INTERVIEWER: Do you think that America should have taken care of Castro in the way that other places were I'd say handled to exorcise the threat of the spread of communism, or socialism, or Marxism or marxist-leninism.

NATHANIEL DAVIS: I think that certainly the way things have come out, we can be very happy that we did not perpetrate another action such as the action against Arbenz in 1954.

INTERVIEWER: Thank you very much. Do you want to add anything Brian? Yeah its the one that we ask everybody, the end of the cold war, looking at the Latin American Caribbean region it has a pretty ferocious time in terms of the body count, the victims on both sides and the cost in money, was it worth it? Are you running?

NATHANIEL DAVIS: Well once again I think that now, I think we have to make some allowance for the fact that life is lived forward and not backward. But looking back on the result in Eastern Europe and in the soviet Union I think that that the outcome of the cold war was decided there, it was not decided in the in the fields of Nicaragua or Central America, and so that in that sense if we had been able to avoid the human tragedies and human costs it would have been a good thing. But also, the same thing could be said of course in a greater extent in Vietnam, because in Vietnam the once again the Vietnam did not turn out to be the determining event in the unfolding relationship of the superpowers and it was Vietnam in that sense was looking back on it, could have been regarded as something that we would have been better off to avoid it.
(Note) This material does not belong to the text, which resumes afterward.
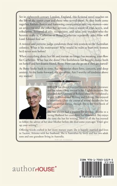 Set in eighteenth-century London, England, this fictional novel touches on the life of the upper crust and those who served them. As they both come together, foolish choices and harrowing consequences take two women-one an aristocrat and the other her servant-into a storm of trial, scorn, and tribulation. Stripped of title, recognition, and value, one wonders who the heroine really is, Catherine or Betsy? Catherine repeatedly asks, How will Lord Edward find us? A twisted and perverse judge condemns these two women to the Australian colonies. What is his motivation? Why would he want to hurt two women he'd never seen before? When everything about her life and station no longer has meaning, tears flow for Catherine. What has she done? Her foolishness has bought shame both on herself and her dearest friend, Betsy. How can she go on if they are parted? As Betsy looks back in time, her memories share love, concern, and deep anxiety. As she looks forward, she questions, Am I worthy of kindness above my station?

INTERVIEWER: Coming back to Chile for one second on that theme, if Salvador Allende had been able or had finished his term, do you think he would have been reelected.

NATHANIEL DAVIS: No I think that if it had been possible for the democratic institutions to manage to survive through til 1976 then and to continue free elections and have free elections in 76, then Allende would have been booted out of office. It was pretty clear that he was losing his support and did not have the majority.

INTERVIEWER: What was the danger that that might not have happened? Did you see him as a threat to the democratic process?

NATHANIEL DAVIS: Certainly Unidad Popular and some of the Lemere for example and the followers of Carlos Alto Perano and so on , they were quite prepared to use violence. Not Allende himself.

INTERVIEWER: Allende was in their spell as it were or they were liable...

NATHANIEL DAVIS: Allende had a very complex set of relationships within his coalition and of course Allende ultimately had the aspiration of a member of the worlds left and it was very difficult for him to curb the ambitions and the machinations of some of the people like Altaberano and his own party and Lemere and so on and so forth and he was all, not always completely decisive in his handling of things. He was famous for what was called his munecho, or his flexible wrist, which in some ways was an immense advantage to him, but also it meant that sometimes he didn't show the steadfastness and decision that might have saved him.

INTERVIEWER: 20 secs atmos. We now need to record the sound of silence.